> Dataset entries:
- - - - -

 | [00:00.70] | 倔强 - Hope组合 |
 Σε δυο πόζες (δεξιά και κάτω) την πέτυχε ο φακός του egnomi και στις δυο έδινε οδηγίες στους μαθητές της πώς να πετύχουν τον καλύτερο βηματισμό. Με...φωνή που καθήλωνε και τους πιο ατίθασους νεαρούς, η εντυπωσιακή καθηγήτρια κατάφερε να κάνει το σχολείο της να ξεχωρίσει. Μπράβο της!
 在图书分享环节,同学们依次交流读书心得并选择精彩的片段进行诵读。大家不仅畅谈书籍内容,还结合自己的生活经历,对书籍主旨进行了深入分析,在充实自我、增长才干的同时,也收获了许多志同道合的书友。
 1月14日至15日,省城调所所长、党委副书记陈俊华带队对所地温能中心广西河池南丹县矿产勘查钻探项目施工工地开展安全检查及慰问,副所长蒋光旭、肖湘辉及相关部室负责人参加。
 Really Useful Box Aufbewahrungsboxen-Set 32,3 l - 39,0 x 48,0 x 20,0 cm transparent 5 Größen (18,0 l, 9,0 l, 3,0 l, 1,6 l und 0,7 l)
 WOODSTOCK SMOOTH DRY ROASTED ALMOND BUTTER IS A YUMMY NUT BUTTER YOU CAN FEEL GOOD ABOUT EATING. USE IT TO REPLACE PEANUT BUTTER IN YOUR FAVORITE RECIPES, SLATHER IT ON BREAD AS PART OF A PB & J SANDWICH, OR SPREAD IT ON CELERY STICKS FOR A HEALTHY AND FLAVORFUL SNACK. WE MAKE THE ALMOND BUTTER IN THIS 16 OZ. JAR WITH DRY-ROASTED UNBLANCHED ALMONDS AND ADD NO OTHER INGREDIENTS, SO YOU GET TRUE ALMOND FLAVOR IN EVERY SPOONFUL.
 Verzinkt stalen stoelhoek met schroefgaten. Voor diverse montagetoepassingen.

- - - - -

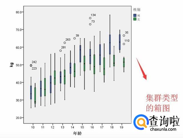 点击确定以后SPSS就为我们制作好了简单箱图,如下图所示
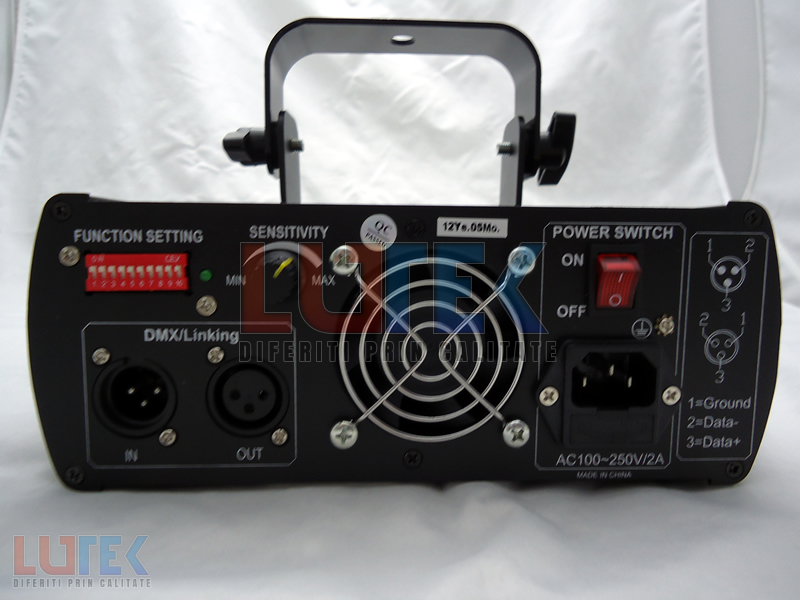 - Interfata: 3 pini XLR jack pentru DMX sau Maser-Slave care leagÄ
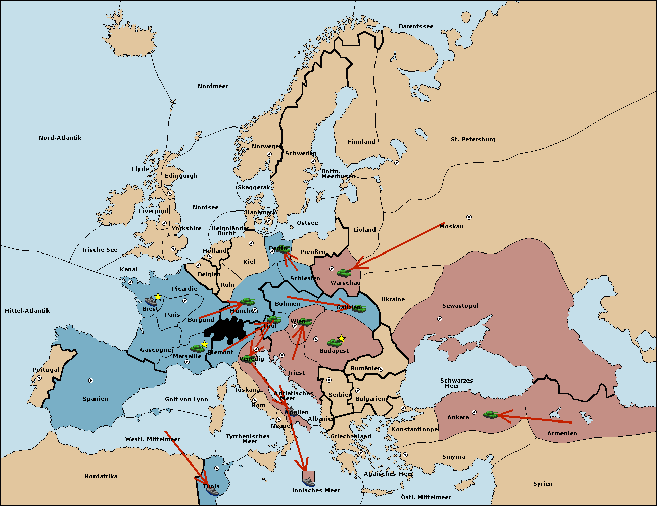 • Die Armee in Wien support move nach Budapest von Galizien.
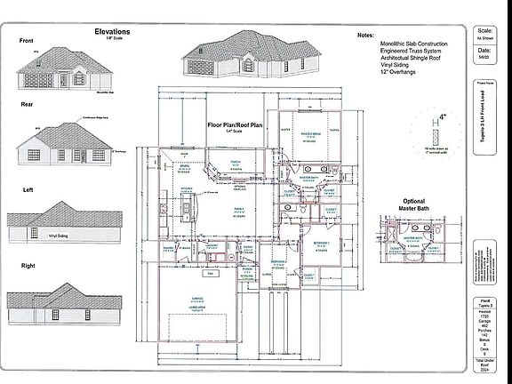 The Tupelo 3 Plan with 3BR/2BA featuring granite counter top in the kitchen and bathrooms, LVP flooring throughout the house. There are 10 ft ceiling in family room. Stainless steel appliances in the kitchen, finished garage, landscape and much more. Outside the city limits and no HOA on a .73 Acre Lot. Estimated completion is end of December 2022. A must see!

- - - - -

> Exercise requirements: Among the lines above, find the one with "在图书分享环节,同学们依次交" and the one with "Verzinkt stalen stoelhoek". Quote both and everything between them, exactly.

> Task response:
 在图书分享环节,同学们依次交流读书心得并选择精彩的片段进行诵读。大家不仅畅谈书籍内容,还结合自己的生活经历,对书籍主旨进行了深入分析,在充实自我、增长才干的同时,也收获了许多志同道合的书友。
 1月14日至15日,省城调所所长、党委副书记陈俊华带队对所地温能中心广西河池南丹县矿产勘查钻探项目施工工地开展安全检查及慰问,副所长蒋光旭、肖湘辉及相关部室负责人参加。
 Really Useful Box Aufbewahrungsboxen-Set 32,3 l - 39,0 x 48,0 x 20,0 cm transparent 5 Größen (18,0 l, 9,0 l, 3,0 l, 1,6 l und 0,7 l)
 WOODSTOCK SMOOTH DRY ROASTED ALMOND BUTTER IS A YUMMY NUT BUTTER YOU CAN FEEL GOOD ABOUT EATING. USE IT TO REPLACE PEANUT BUTTER IN YOUR FAVORITE RECIPES, SLATHER IT ON BREAD AS PART OF A PB & J SANDWICH, OR SPREAD IT ON CELERY STICKS FOR A HEALTHY AND FLAVORFUL SNACK. WE MAKE THE ALMOND BUTTER IN THIS 16 OZ. JAR WITH DRY-ROASTED UNBLANCHED ALMONDS AND ADD NO OTHER INGREDIENTS, SO YOU GET TRUE ALMOND FLAVOR IN EVERY SPOONFUL.
 Verzinkt stalen stoelhoek met schroefgaten. Voor diverse montagetoepassingen.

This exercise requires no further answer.